*** Provided data Section Begins ***

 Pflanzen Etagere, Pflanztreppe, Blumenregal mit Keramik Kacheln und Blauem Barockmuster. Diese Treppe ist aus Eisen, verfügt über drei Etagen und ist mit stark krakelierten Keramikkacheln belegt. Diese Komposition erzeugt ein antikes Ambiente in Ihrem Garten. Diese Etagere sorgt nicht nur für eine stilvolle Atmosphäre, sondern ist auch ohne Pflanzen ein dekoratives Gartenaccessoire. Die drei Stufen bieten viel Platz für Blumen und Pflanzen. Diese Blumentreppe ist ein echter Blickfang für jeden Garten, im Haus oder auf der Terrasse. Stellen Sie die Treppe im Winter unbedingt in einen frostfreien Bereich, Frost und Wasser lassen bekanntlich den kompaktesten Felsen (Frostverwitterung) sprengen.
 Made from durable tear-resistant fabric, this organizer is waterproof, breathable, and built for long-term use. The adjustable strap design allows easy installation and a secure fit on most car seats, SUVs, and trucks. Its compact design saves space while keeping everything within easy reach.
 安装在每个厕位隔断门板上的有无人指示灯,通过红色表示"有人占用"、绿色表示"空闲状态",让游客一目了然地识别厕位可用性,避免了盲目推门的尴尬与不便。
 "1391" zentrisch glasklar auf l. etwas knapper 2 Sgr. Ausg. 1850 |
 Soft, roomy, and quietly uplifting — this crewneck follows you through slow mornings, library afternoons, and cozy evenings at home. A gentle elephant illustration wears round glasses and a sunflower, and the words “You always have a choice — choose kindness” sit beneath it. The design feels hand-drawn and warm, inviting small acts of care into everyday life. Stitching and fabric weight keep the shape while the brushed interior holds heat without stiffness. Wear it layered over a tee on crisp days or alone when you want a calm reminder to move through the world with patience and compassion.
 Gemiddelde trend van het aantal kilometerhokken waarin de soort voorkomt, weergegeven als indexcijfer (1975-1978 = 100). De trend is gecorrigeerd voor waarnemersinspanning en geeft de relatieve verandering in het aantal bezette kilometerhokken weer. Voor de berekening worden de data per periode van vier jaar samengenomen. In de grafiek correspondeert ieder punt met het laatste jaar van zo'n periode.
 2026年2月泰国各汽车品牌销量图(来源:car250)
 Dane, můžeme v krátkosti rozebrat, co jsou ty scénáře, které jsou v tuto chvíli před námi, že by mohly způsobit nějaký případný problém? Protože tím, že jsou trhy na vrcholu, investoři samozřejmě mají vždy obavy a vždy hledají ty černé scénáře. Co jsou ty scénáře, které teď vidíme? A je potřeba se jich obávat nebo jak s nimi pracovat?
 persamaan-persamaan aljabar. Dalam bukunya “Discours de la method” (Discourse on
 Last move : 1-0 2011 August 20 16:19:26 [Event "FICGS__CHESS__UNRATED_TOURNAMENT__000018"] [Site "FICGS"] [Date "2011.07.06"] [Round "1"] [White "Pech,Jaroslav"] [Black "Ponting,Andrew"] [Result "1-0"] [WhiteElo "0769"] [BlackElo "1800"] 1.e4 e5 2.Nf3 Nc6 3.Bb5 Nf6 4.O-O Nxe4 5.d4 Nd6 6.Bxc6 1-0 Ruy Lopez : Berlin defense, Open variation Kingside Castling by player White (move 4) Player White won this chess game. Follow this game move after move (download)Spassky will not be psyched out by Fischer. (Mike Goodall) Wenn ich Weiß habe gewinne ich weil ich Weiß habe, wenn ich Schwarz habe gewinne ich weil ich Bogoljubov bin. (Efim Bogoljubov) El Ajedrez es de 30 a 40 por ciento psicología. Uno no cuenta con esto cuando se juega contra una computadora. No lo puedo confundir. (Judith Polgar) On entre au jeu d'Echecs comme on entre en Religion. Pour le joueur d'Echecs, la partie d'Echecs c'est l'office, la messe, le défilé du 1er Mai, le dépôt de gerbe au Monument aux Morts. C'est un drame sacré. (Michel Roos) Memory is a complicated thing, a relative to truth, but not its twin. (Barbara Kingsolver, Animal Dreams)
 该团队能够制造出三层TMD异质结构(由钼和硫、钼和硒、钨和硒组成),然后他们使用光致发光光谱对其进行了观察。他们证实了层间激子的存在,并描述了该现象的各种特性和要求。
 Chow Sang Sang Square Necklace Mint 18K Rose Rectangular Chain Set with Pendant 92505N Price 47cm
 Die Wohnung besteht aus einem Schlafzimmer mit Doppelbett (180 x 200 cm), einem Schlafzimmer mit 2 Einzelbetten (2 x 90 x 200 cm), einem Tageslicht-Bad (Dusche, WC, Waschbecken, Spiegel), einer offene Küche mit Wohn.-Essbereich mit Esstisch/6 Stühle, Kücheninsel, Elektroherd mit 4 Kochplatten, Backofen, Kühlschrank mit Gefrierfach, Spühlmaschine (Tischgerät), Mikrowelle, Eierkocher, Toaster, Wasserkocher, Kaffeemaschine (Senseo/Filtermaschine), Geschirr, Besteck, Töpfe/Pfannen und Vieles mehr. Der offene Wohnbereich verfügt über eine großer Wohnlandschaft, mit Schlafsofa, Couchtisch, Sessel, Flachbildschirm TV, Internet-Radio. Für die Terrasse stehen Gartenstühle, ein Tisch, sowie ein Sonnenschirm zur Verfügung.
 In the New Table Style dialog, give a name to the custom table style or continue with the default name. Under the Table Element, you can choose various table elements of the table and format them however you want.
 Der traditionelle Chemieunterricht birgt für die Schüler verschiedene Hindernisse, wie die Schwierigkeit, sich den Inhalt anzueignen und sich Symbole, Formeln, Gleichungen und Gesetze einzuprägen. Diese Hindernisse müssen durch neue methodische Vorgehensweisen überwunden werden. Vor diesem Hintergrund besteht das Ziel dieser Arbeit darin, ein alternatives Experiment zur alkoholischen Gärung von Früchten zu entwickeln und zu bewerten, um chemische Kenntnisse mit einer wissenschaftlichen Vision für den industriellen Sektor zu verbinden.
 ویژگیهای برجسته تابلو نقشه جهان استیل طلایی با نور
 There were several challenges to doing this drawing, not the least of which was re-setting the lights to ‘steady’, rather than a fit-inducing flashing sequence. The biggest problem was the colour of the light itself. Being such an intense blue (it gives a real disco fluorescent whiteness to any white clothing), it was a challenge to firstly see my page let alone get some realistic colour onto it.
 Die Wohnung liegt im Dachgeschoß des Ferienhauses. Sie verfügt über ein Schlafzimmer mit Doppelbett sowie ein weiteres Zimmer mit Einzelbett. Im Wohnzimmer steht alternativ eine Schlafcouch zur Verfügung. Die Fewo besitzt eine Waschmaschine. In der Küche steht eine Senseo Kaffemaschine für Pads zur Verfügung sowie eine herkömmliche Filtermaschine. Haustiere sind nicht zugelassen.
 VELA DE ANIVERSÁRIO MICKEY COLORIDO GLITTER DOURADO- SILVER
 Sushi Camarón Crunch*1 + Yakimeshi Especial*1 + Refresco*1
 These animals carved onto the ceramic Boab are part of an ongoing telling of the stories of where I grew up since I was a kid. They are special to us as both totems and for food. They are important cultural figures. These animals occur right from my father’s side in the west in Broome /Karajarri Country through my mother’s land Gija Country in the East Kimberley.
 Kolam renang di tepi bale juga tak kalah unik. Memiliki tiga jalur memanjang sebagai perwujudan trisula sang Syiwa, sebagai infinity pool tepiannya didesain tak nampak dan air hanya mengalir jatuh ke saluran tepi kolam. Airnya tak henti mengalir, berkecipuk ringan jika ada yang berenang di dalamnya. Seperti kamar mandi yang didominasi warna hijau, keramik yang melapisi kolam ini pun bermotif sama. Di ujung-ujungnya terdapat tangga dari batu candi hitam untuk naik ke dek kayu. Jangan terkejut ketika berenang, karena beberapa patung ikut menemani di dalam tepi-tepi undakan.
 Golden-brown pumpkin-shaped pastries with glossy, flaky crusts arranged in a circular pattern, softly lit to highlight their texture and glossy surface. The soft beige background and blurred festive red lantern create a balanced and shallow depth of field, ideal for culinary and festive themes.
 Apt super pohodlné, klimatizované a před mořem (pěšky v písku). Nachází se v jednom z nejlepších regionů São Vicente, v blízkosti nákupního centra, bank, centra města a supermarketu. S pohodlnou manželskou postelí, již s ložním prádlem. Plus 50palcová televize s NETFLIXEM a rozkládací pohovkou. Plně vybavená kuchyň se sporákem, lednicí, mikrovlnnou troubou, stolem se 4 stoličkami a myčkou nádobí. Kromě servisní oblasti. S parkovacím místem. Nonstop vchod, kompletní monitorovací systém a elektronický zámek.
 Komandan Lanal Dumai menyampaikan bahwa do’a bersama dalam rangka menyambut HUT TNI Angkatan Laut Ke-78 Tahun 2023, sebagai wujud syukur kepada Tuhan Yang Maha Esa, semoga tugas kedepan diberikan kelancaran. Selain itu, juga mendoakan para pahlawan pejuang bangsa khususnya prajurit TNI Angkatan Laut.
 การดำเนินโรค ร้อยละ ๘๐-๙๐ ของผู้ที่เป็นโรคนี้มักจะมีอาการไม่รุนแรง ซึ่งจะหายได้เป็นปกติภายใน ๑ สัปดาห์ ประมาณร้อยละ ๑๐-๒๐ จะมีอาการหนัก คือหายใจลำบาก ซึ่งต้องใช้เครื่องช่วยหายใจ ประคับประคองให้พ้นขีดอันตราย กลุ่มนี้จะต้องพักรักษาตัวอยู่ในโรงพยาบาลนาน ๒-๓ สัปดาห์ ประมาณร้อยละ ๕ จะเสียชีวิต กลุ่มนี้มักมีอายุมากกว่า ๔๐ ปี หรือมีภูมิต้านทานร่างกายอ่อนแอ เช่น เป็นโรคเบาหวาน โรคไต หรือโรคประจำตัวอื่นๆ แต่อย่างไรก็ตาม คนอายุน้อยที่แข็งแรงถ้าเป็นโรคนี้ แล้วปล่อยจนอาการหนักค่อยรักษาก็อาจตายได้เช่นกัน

*** Provided data Section Ends ***

§ Work task
Take the entries above and return only the lines from the one with "VELA DE ANIVERSÁRIO" to the one with "Golden-brown pumpkin-shaped pastries", both included, unchanged.

§ Result of the task
 VELA DE ANIVERSÁRIO MICKEY COLORIDO GLITTER DOURADO- SILVER
 Sushi Camarón Crunch*1 + Yakimeshi Especial*1 + Refresco*1
 These animals carved onto the ceramic Boab are part of an ongoing telling of the stories of where I grew up since I was a kid. They are special to us as both totems and for food. They are important cultural figures. These animals occur right from my father’s side in the west in Broome /Karajarri Country through my mother’s land Gija Country in the East Kimberley.
 Kolam renang di tepi bale juga tak kalah unik. Memiliki tiga jalur memanjang sebagai perwujudan trisula sang Syiwa, sebagai infinity pool tepiannya didesain tak nampak dan air hanya mengalir jatuh ke saluran tepi kolam. Airnya tak henti mengalir, berkecipuk ringan jika ada yang berenang di dalamnya. Seperti kamar mandi yang didominasi warna hijau, keramik yang melapisi kolam ini pun bermotif sama. Di ujung-ujungnya terdapat tangga dari batu candi hitam untuk naik ke dek kayu. Jangan terkejut ketika berenang, karena beberapa patung ikut menemani di dalam tepi-tepi undakan.
 Golden-brown pumpkin-shaped pastries with glossy, flaky crusts arranged in a circular pattern, softly lit to highlight their texture and glossy surface. The soft beige background and blurred festive red lantern create a balanced and shallow depth of field, ideal for culinary and festive themes.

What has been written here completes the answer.